Özlü, “Geri döndüğümde de Mehmet Yazıcı’ya gidip örgütle olan bağımı koparmak istediğimi söyledim. Neden diye sordu. Ben de Pensilvanya’da tasvip etmediğim şekilde konuşmalara rastladığımı, olumsuz gözlemlerde bulunduğumu belirttim. Mehmet Yazıcı bunun üzerine bana ‘Sen o zaman hacca da gitme’ dedi. Tüm kirli işlerini gizlilikle yapan bu ihanet şebekesi içinde olmaktan utanç duyduğumu söyledim. 2014 Mayıs ayından itibaren de bağımı kopardım ve bundan sonra bana tavır aldılar, dışlandım. Ben bu örgütü devletin sevdiği dönemde sevdim ve nefret ettiği dönemde de nefret ettim. Cemaat görüntüsünden çıktığı anda da örgütle bağımı kestim” dedi.

“ÖRGÜTE DÜŞMAN İHH’YE YARDIM ETTİM”

Pensilvanya’dan döndükten sonra hiçbir toplantıya katılmadığını, Zaman Gazetesi aboneliğini iptal ettirdiğini söyleyen Mehmet Fatih Özlü, “2014 öncesinde masum dini duygularla maddi yardımda bulundum. Ancak 2014’ten sonra ise çevremdeki insanlara yardım etmeyi tercih ettim. Örgüte rakip ve düşman olan İHH’ye bağış yaptığım görülebilir. Örgütle ilişiğini düşündüğüm Tabip Odası seçiminden uzak kaldım. Gelen daveti reddettim. Toplantılara hiç katılmadım. Üniversiteden de ayrılmaya çalıştım. Bunun için başka yerlerle görüşmelerde bulundum” diye konuştu.

“SEÇİMDEN SONRA HAYRİ COŞKUN YÜZÜMÜZE BAKMADI”

Rektör Prof. Dr. Hayri Coşkun’un ikinci kez rektör olarak seçilmesinin öncesinde firari sanıklar Mehmet Yazıcı ve Kenan Gümüştekin’in, Coşkun’un desteklenmesi yönünde telkinlerde bulunduğunu belirten Mehmet Fatih Özlü, “Seçimden önce Hayri Coşkun’a destek vermelerini ve arkasında durmalarını istediler. Ancak Hayri Coşkun rektör olduktan sonra ‘Bize sırtını döndü, yüzümüze bakmıyor’ şeklinde sözleri de oldu” dedi.

SOHBETLERE KATILANLARIN İSİMLERİNİ AÇIKLADI

2003 yılında Tıp Fakültesi öğrencisi iken Mevlüt Kurt vasıtasıyla malum yapı ile tanıştığını söyleyen Mehmet Fatih Özlü, “Mehmet Yazıcı tarafından düzenlenen Salı sabah toplantılarına katıldım.
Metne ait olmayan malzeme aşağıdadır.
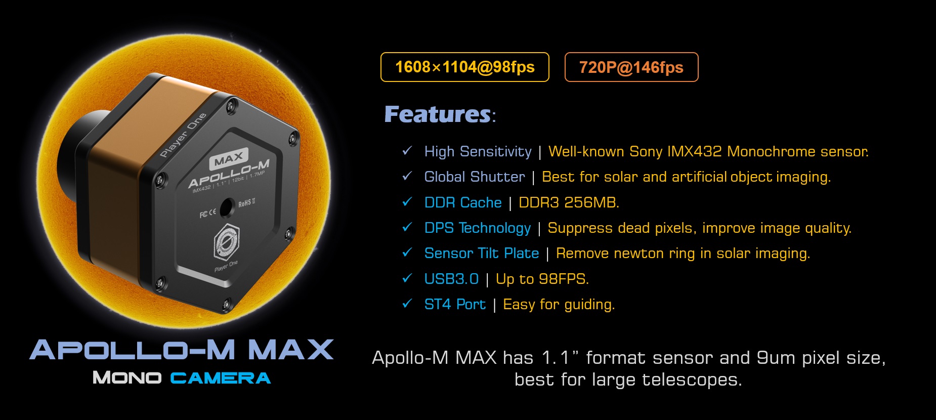 Apollo-M MAX is a solar camera developed by Player One Astronomy, which adopts the Sony IMX432 1.1” format monochrome sensor. The 9um pixel size accommodates a well depth of 100ke with a total of 1.7MP (the resolution is 1608*1104), and the diagonal is 17.5mm. monochrome sensors.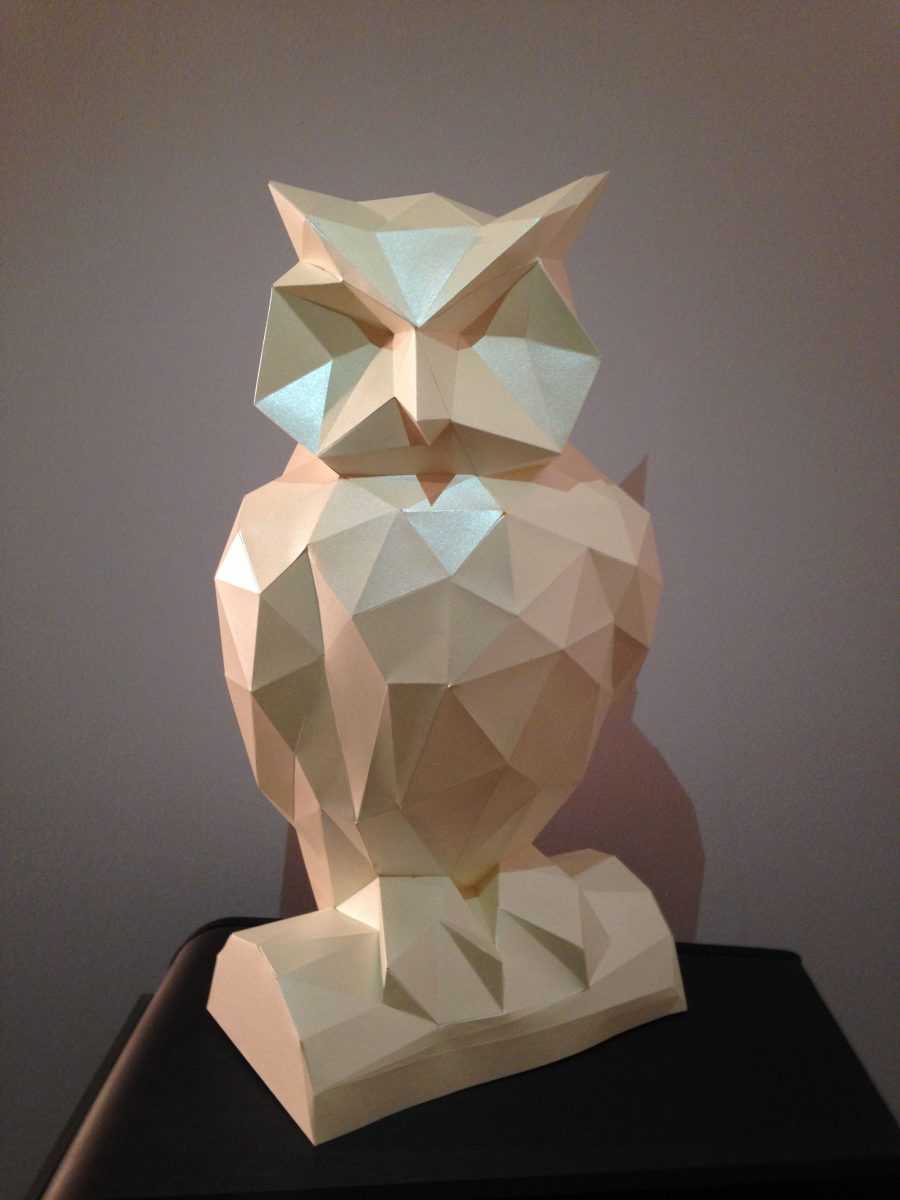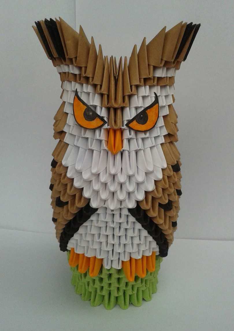 Также можно сделать сову 3Д с растопыренными крыльями. Но это более сложная работа, так как во время сборки основной части нужно по бокам сделать выступы. На них потом собираются из дополнительных модулей крылья.

Bu toplantılara Kenan Gümüştekin, Alim Erdem, Aytekin Alçelik, Ahmet Karataş, Fatih Demircioğlu, Mesut Erdurmuş, Ümit Yaşar Tekelioğlu, Arif Duran, Fırat Zafer Mengeloğlu, Tarık Ocak, Abdülkadir Küçükbayrak, Kemalettin Erdem ve Elçin Hakan Terzi gibi isimler iştirak ediyordu. Grup başı toplantılarına ise yönetici konumunda Suzi Selim Ayhan, Alim Erdem, Ahmet Karataş, Mesut Erdurmuş, Serkan Öztürk, Kenan Gümüştekin, Fahrettin Talay, Mehmet Yazıcı ve Aytekin Alçelik katılıyordu. Salı sabah toplantılarına Mehmet Yazıcı, Kenan Gümüştekin ve Fahrettin Talay nadiren gelirdi. Onlar grup hiyerarşisi içinde muhtemelen üst kademedeki toplantılara katılıyorlardı. Grupla bağımı kesmeden 7-8 ay önce de bana devlet hastanesindeki bir gruptan sorumlu olduğum söylenerek Mehmet Yazıcı bana ‘Sen artık devlet hastanesindeki doktorlarla sohbet yapacaksın’ dedi. Orada Uğur Korkmaz, Bülent, Güray ve Onur isimli doktorlarla bu toplantıları tertipledik” ifadelerini kullandı.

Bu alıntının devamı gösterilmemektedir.